*Provided data*.
■ ■ ■

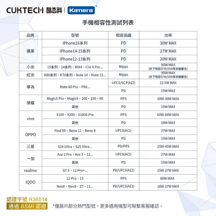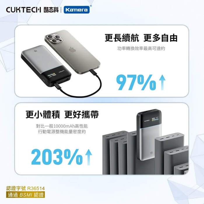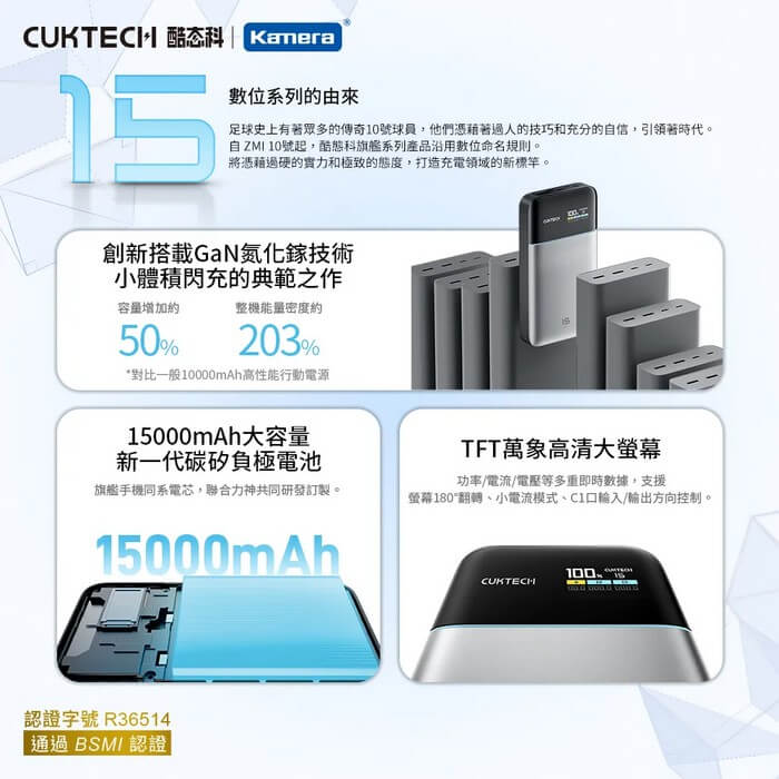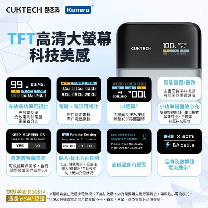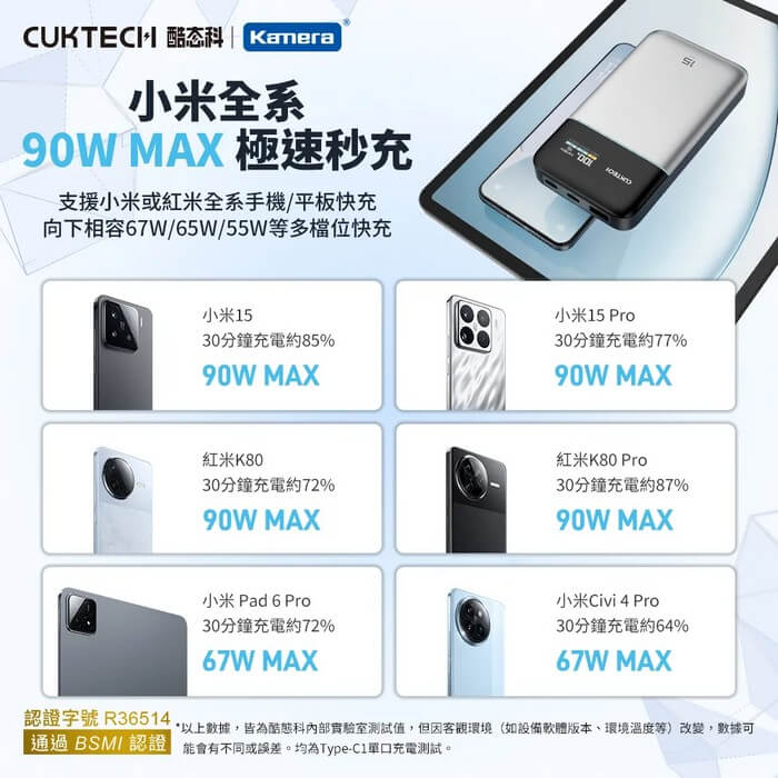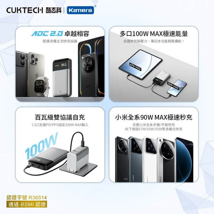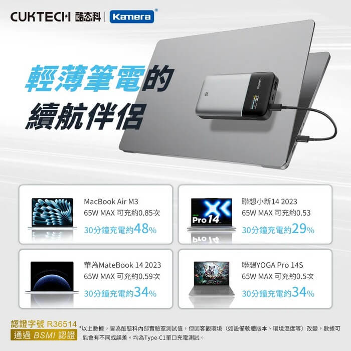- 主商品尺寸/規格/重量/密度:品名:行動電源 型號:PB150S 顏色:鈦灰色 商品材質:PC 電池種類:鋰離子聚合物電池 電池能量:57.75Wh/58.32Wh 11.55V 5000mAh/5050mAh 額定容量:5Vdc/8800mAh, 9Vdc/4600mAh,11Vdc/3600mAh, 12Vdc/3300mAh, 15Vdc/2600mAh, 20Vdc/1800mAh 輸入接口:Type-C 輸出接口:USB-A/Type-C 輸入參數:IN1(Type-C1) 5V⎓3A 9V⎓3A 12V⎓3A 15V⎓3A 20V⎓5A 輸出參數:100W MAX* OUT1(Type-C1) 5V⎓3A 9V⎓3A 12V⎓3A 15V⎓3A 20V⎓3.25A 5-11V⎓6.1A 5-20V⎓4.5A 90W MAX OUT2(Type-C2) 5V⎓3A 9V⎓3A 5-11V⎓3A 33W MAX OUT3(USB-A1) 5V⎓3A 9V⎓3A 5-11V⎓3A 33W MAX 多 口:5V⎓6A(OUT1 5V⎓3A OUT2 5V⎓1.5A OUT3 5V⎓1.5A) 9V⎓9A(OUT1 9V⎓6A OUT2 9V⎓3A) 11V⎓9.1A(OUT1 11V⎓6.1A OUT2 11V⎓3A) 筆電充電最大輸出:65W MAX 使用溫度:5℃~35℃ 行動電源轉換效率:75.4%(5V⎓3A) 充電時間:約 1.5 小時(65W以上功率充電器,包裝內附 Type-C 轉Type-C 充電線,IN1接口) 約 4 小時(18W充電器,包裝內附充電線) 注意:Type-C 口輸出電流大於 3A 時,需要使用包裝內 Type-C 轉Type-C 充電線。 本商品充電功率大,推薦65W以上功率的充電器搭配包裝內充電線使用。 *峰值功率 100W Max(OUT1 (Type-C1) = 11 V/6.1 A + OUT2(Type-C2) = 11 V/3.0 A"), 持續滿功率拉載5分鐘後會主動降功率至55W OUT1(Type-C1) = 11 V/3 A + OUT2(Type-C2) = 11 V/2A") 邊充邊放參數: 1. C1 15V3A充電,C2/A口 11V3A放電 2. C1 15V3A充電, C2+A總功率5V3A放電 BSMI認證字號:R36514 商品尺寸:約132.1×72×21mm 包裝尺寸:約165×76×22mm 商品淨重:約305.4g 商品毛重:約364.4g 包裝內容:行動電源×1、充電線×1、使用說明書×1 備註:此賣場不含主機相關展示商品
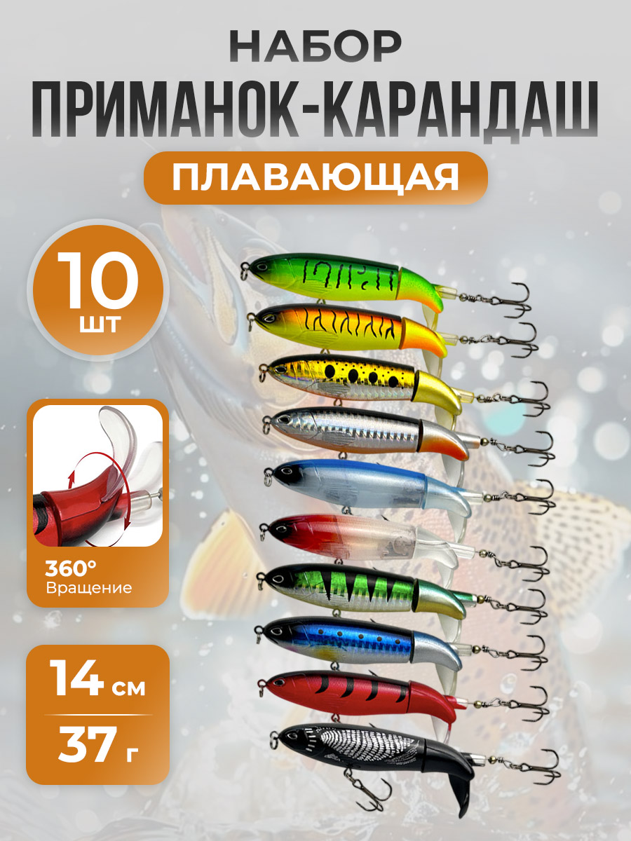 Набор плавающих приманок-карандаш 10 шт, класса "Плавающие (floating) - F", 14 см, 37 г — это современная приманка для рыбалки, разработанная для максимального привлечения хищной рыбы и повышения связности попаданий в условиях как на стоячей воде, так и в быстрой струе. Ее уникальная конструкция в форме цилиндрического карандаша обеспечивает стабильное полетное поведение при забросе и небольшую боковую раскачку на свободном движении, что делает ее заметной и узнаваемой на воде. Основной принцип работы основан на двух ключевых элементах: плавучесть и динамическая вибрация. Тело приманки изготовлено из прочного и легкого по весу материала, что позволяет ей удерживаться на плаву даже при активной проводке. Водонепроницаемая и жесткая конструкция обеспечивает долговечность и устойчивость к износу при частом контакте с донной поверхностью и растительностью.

■ ■ ■

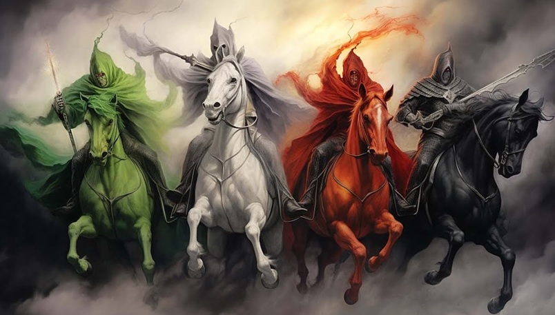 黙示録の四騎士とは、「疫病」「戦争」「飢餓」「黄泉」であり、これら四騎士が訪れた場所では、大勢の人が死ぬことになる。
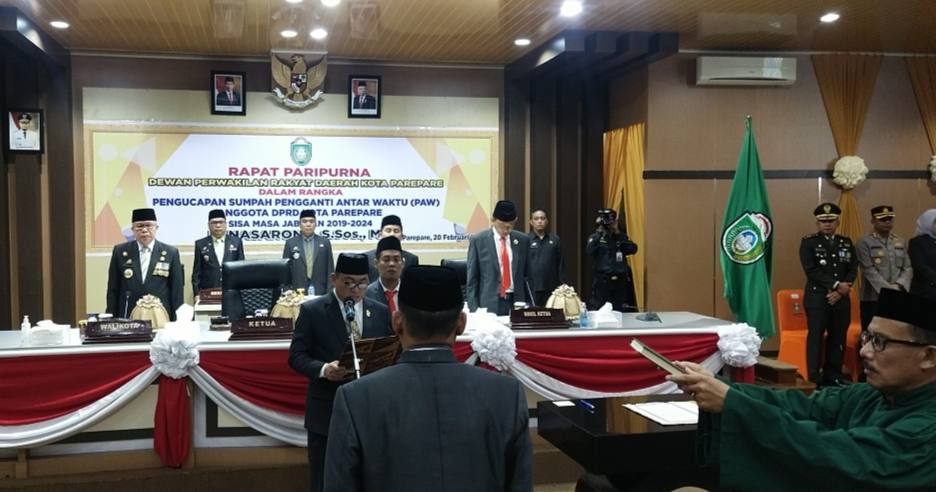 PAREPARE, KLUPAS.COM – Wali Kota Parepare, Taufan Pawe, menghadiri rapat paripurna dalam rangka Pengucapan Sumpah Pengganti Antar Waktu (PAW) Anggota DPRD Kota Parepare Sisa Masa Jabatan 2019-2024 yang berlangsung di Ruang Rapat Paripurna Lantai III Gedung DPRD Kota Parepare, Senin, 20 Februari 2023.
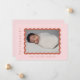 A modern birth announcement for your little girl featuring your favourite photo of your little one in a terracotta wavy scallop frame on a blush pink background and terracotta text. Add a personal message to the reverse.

■ ■ ■

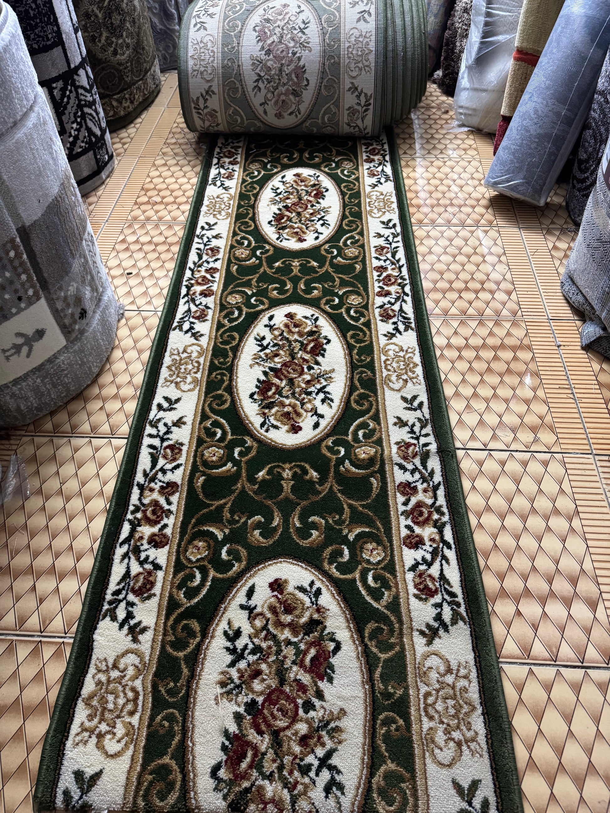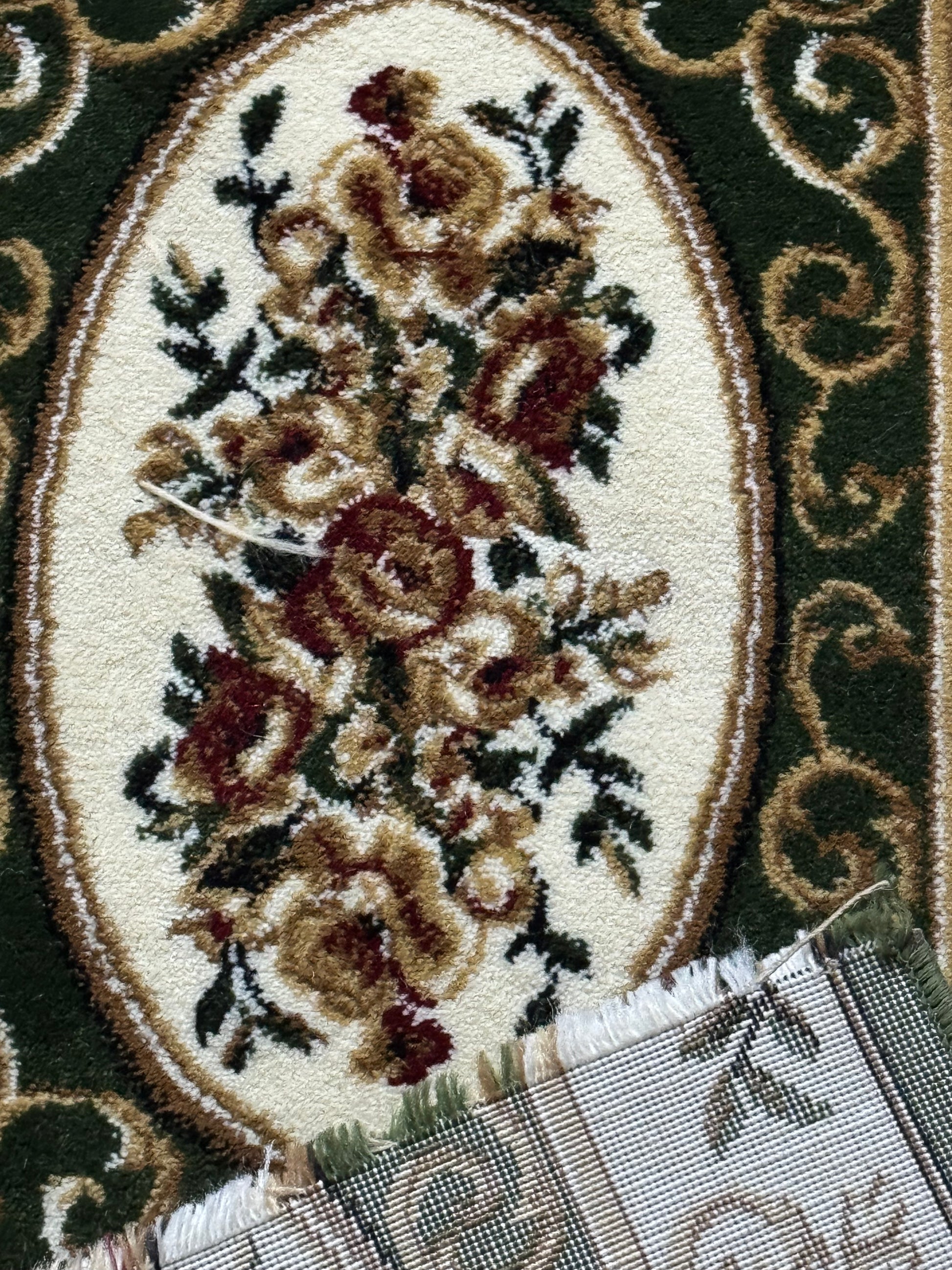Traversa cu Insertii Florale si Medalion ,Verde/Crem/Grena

■ ■ ■

*Work to complete*. Each line between the one holding "PAREPARE, KLUPAS.COM –" and the one holding "A modern birth", inclusive, should be copied exactly as it appears above, and pictures should be omitted.

*Answer*.
 PAREPARE, KLUPAS.COM – Wali Kota Parepare, Taufan Pawe, menghadiri rapat paripurna dalam rangka Pengucapan Sumpah Pengganti Antar Waktu (PAW) Anggota DPRD Kota Parepare Sisa Masa Jabatan 2019-2024 yang berlangsung di Ruang Rapat Paripurna Lantai III Gedung DPRD Kota Parepare, Senin, 20 Februari 2023.
 A modern birth announcement for your little girl featuring your favourite photo of your little one in a terracotta wavy scallop frame on a blush pink background and terracotta text. Add a personal message to the reverse.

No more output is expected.